Iron nitrides are considered as highly promising anode materials for lithium-ion batteries because of their nontoxicity, high abundance, low cost, and higher electrical conductivity. Unfortunately, their limited synthesis routes are available and practical application is still hindered by their fast capacity decay. Herein, a facile and green route is developed to synthesize Fe₄N/Fe₂O₃/Fe/porous N-doped carbon nanosheet composite. The size of Fe₄N/Fe₂O₃/Fe particles is small (10–40 nm) and they are confined in porous N-doped carbon nanosheet. These features are conducive to accommodate volume change well, shorten the diffusion distance and further elevate electrical conductivity. When tested as anode material for lithium-ion batteries, a high discharge capacity of 554 mA h g⁻¹ after 100 cycles at 100 mA g⁻¹ and 389 mA h g⁻¹ after 300 cycles at 1000 mA g⁻¹ are retained. Even at 2000 mA g⁻¹, a high capacity of 330 mA h g⁻¹ can be achieved, demonstrating superior cycling stability and rate performance. New prospects will be brought by this work for the synthesis and the potential application of iron nitrides materials as an anode for LIBs.

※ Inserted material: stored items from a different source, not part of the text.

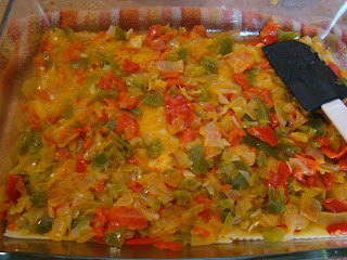 Mientras tanto, cocina las placas de lasaña. Para esta receta no recomiendo usar de las instantaneas, porque al no llevar ni salsa de tomate, ni bechamel, la pasta no tendrá ningún líquido para cocinarse en el horno, y se quedará duras. Una vez hecho el refrito, llega el momento de montar la lasaña. Pon una base de placas de lasaña en una fuente, y encima el refrito de cebolla y pimiento.
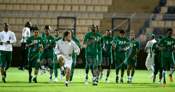 تدريب منتخب السعودية خلال خليجي 19 في مسقط بتاريخ 3 يناير 2009
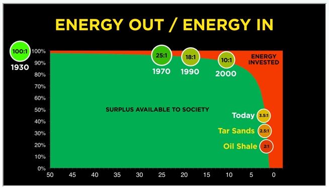 Benoît Thévard, expert indépendant en énergie – ancien élève de l’école des Mines d’Alès – nous apprend qu’au début de notre grande soif de pétrole, il suffisait de « dépenser » un baril pour en extraire 100. Peu d’efforts, donc d’énergie, étaient nécessaires. Aujourd’hui, pour un baril investi, nous en extrayons moins de 10. Quant aux agrocarburants, joliment baptisés « biocarburants » et considérés il n’y a pas si longtemps comme une « piste d’avenir », nécessitent 1 baril de pétrole pour en produire 1. Autrement dit l’homme est bien moins efficace que Mère Nature (et son acolyte Chronos). Un jeu à somme nul, et encore faudrait-il décompter les conséquences sur le marché alimentaire et l’éventuelle déforestation induite. Quant aux sables bitumineux, ils affichent un rendement net de 1 baril consommé pour 3 à 4 barils produits seulement. Peut mieux faire !
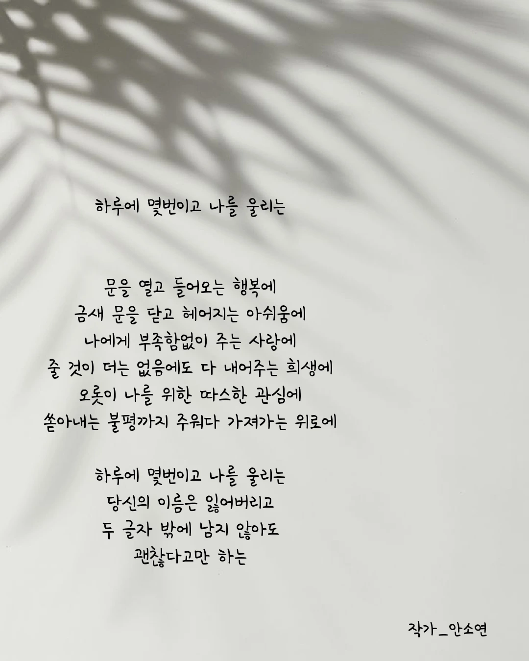 작가 안소연 입니다. 살아가는 길목마다 피어나는 무거우면서 가볍기도 한 고민들을 함께 공감하며 위로해주고 싶습니다. 이 글들이 당신의 손에 그리고 당신의 마음 깊이 닿기를...
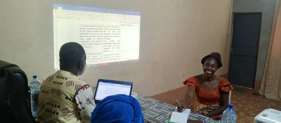 Séance de travail avec la coordonnatrice, Edwige Tankoano, dans une ambiance bon enfant
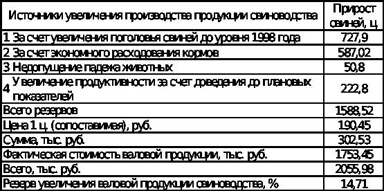 Увеличение поголовья свиней на откорме до уровня предшествующего года даст дополнительный выход продукции в размере 797,9 ц; эффективное использование корма, не допуская перерасхода – 587,02 ц; недопущение падежа животных – 50,8 ц и доведение до плановых показателей продуктивности свиней – 222,8 ц.
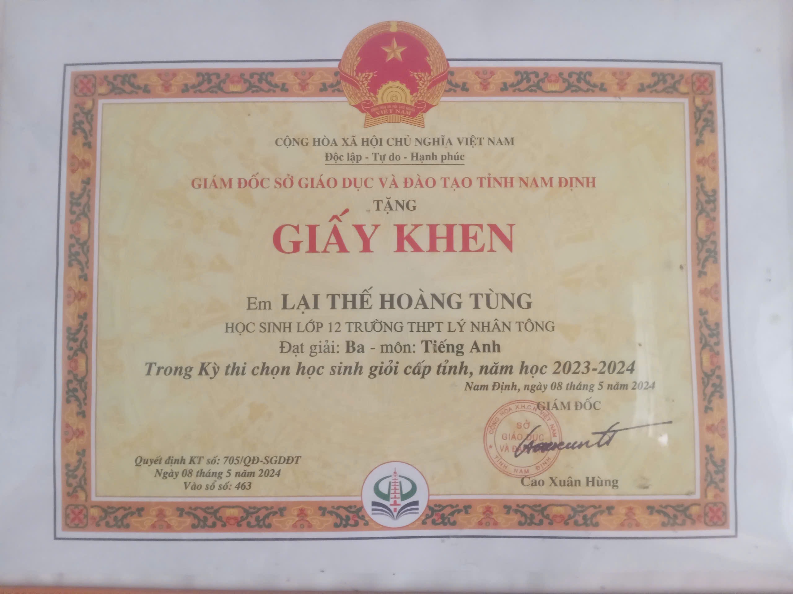 Giám đốc Sở Giáo dục và Đào tạo Tỉnh Nam Định tặng giấy khen cho Lại Thế Hoàng Tùng vì đã có thành tích xuất sắc, tiêu biểu trong năm học 2022-2023
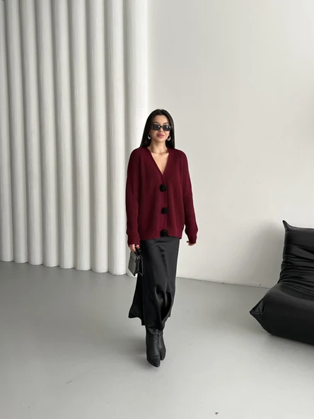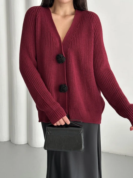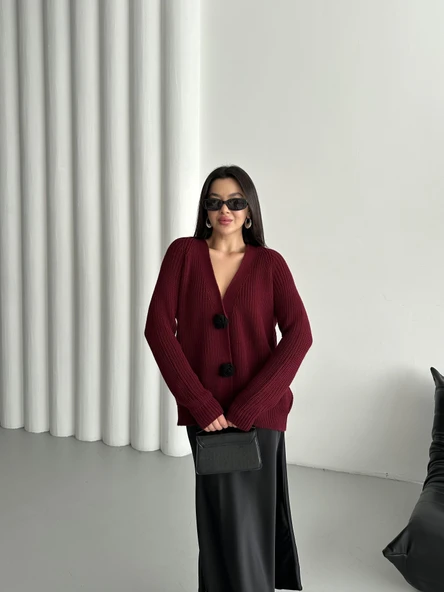 Bordo Gümüş Düğmeli Baklava Desenli Hırka
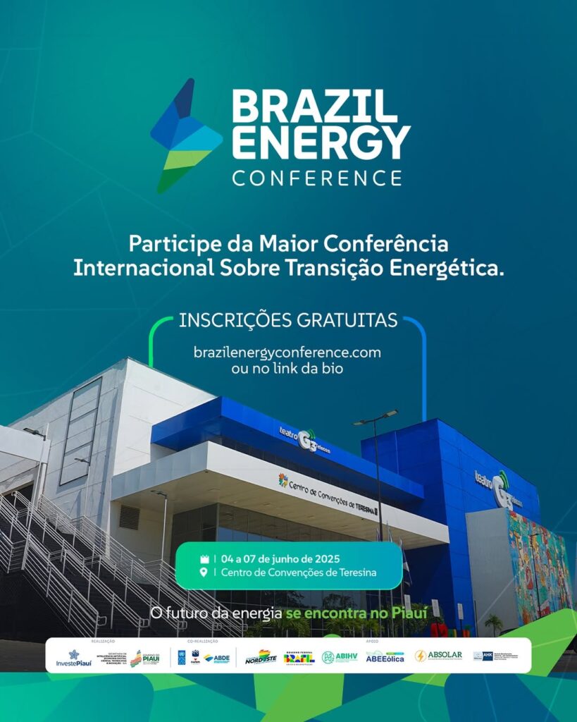 De 4 a 7 de junho, o Brasil sediará a Brazil Energy Conference 2025. A programação gratuita inclui painéis, laboratórios, oficinas e exposições, com foco em soluções concretas para os desafios da transição energética global. O evento será realizado no Centro de Convenções de Teresina, capital do Piauí, em formato híbrido (presencial e online), com acesso gratuito ao público. Com mais de 7000 participantes esperados, entre presenciais e virtuais, o evento reunirá especialistas de renome, representantes de governos, setor produtivo, universidades, sociedade civil e organismos internacionais.
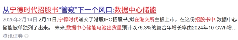 宁德时代在港交所招股书中指出,算力市场带来的数据中心储能电池出货量,预计将从2024年的10GWh 增长至2030年约 300GWh,约增长29倍,其对应设备市场规模约1500亿元。
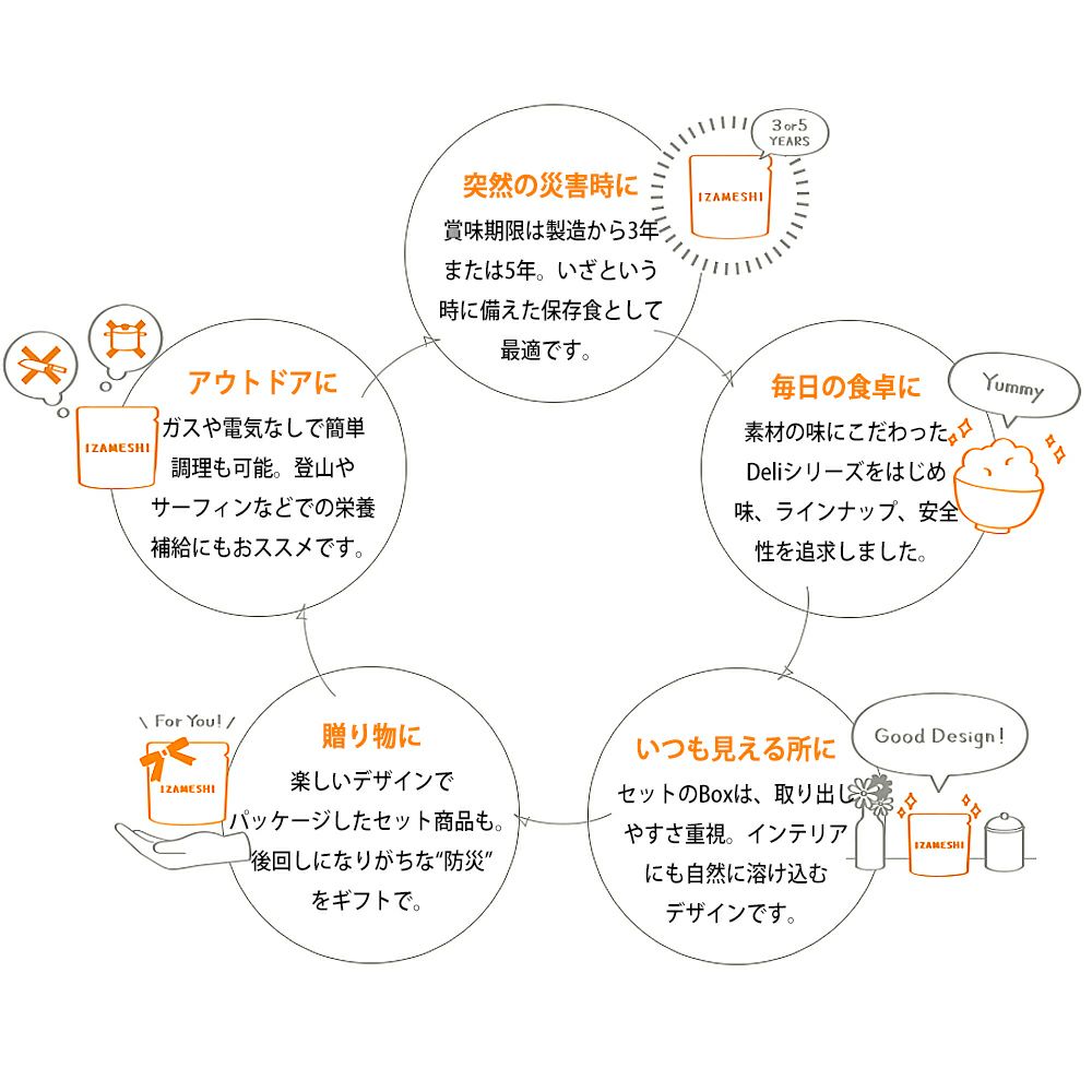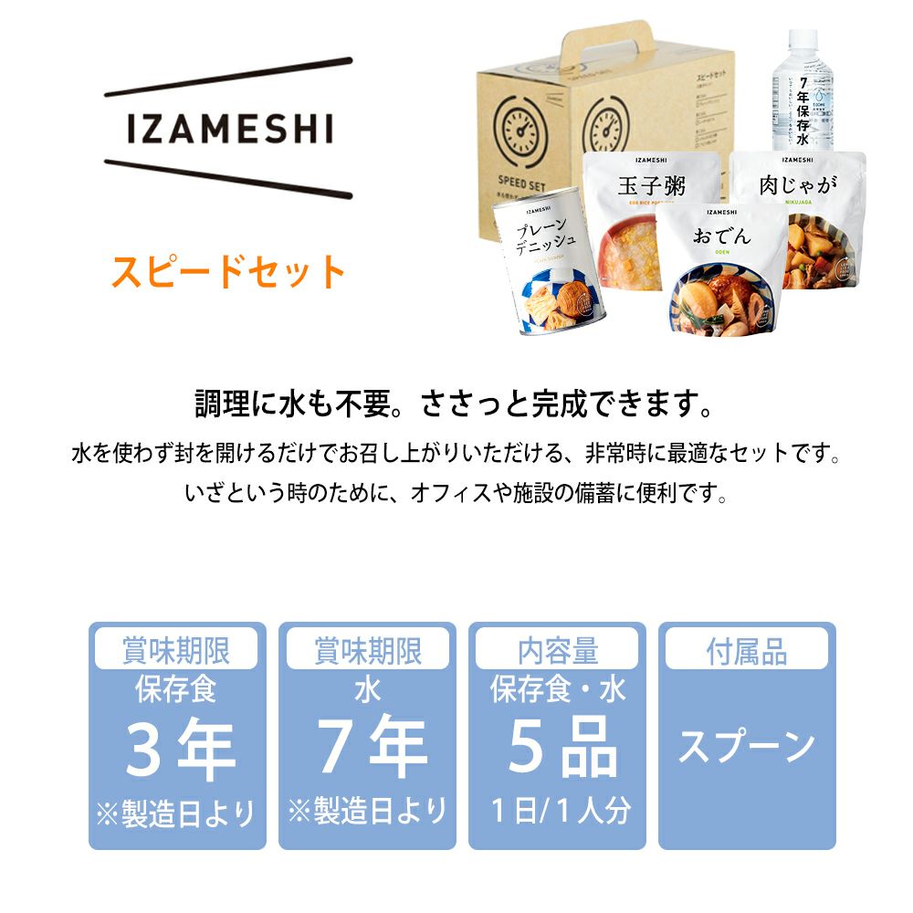他の画像を見る 調理不要 水を使わず封を開けるだけの非常食セット。3年保存。ギフト・贈り物・プレゼントにも最適!ローリングストックとしても。 非常食セット スピードセット 1セット 1日分 IZAMESHI(イザメシ) 防災グッズ 3年保存 防災食 保存食セット 保存料ゼロ お米 ご飯 公式サイト販売価格 ¥ 2,565 税込 在庫切れ 詳細を見る お気に入りに登録する

氮化铁由于其无毒，高丰度，低成本和较高的电导率而被认为是锂离子电池极有希望的负极材料。不幸的是，它们的合成路线有限，并且其快速的容量衰减仍然阻碍了实际应用。在本文中，开发了一种简便且绿色的路线来合成Fe ₄ N / Fe ₂ O ₃ / Fe /多孔N掺杂碳纳米片复合材料。Fe ₄ N / Fe ₂ O _3的大小/ Fe颗粒很小（10–40 nm），它们被限制在多孔的N掺杂碳纳米片中。这些特征有利于很好地适应体积变化，缩短扩散距离并进一步提高电导率。当作为锂离子电池的负极材料进行测试时，在100 mA g ^-1下100个循环后保持554 mA h g ^-1的高放电容量，在1000 mA g ^-1下300个循环后保持389 mA h g ^-1的高放电容量。即使在2000 mA g ^-1时，330 mA h g ^-1的高容量可以实现，显示出卓越的循环稳定性和速率性能。这项工作将为氮化铁材料作为LIB的阳极的合成和潜在应用带来新的前景。